[Start of Attachment]

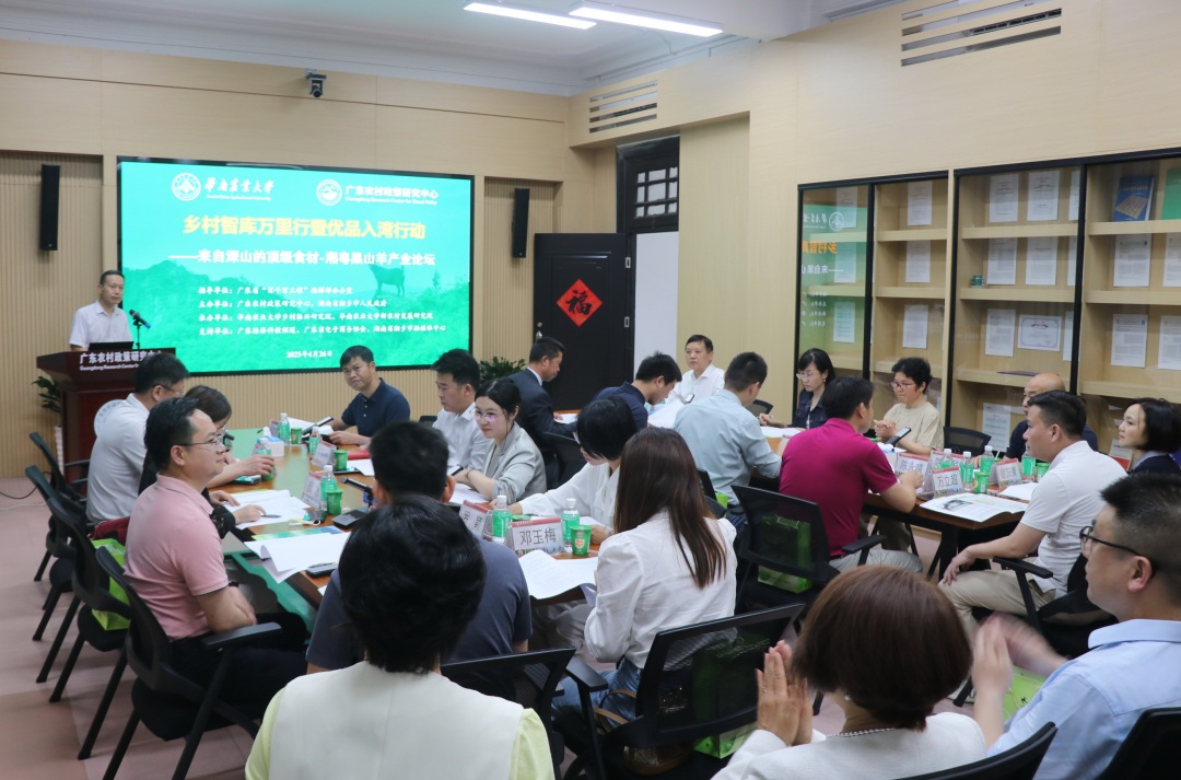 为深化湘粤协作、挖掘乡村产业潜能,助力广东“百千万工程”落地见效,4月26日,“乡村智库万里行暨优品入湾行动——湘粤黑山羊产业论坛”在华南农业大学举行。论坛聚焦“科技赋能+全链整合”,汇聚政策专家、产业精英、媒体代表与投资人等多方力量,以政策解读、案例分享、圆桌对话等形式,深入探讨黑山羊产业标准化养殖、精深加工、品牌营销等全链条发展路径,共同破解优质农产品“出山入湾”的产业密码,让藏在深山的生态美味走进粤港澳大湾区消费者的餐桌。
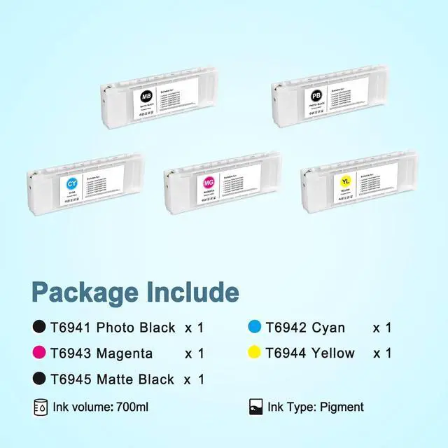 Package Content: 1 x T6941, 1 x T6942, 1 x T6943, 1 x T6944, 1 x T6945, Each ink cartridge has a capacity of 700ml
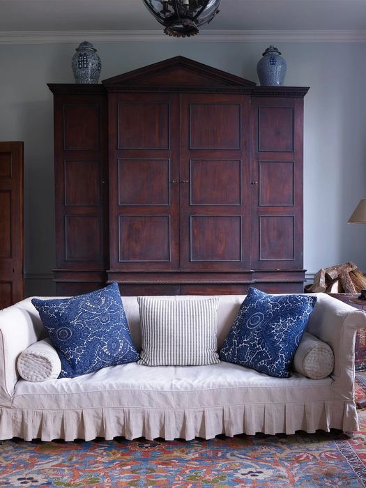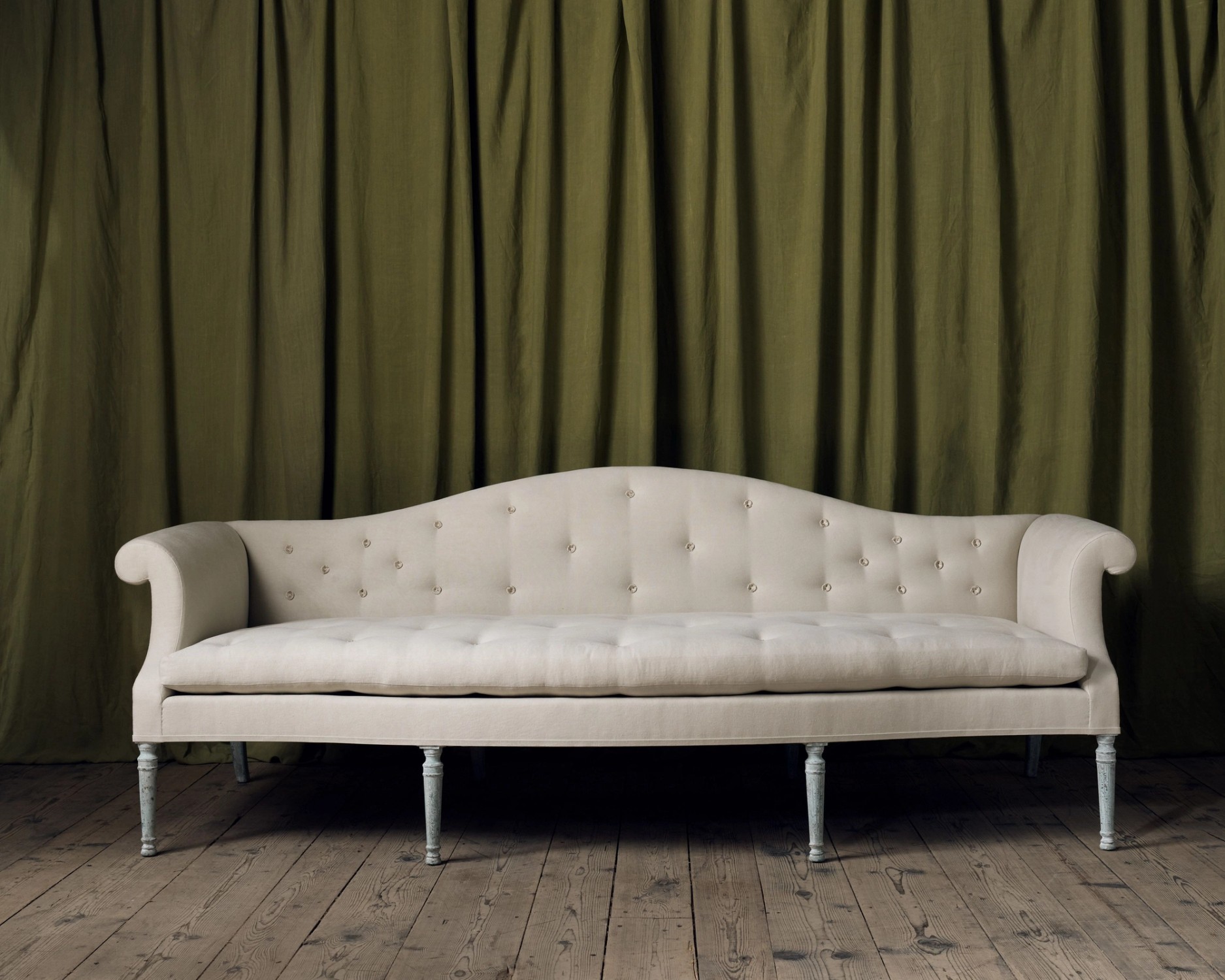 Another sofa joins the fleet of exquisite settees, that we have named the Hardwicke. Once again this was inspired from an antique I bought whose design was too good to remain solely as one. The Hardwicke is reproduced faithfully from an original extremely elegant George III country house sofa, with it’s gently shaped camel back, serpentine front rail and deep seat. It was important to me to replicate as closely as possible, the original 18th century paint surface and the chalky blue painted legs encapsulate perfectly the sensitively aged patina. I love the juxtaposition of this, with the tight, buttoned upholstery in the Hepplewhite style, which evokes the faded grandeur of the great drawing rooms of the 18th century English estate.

[End of Attachment]

= Requirement =
Without any pictures, reproduce the lines from the first one in the material through the line that has "Package Content: 1", exactly as they appear.

= Final answer =
 为深化湘粤协作、挖掘乡村产业潜能,助力广东“百千万工程”落地见效,4月26日,“乡村智库万里行暨优品入湾行动——湘粤黑山羊产业论坛”在华南农业大学举行。论坛聚焦“科技赋能+全链整合”,汇聚政策专家、产业精英、媒体代表与投资人等多方力量,以政策解读、案例分享、圆桌对话等形式,深入探讨黑山羊产业标准化养殖、精深加工、品牌营销等全链条发展路径,共同破解优质农产品“出山入湾”的产业密码,让藏在深山的生态美味走进粤港澳大湾区消费者的餐桌。
 Package Content: 1 x T6941, 1 x T6942, 1 x T6943, 1 x T6944, 1 x T6945, Each ink cartridge has a capacity of 700ml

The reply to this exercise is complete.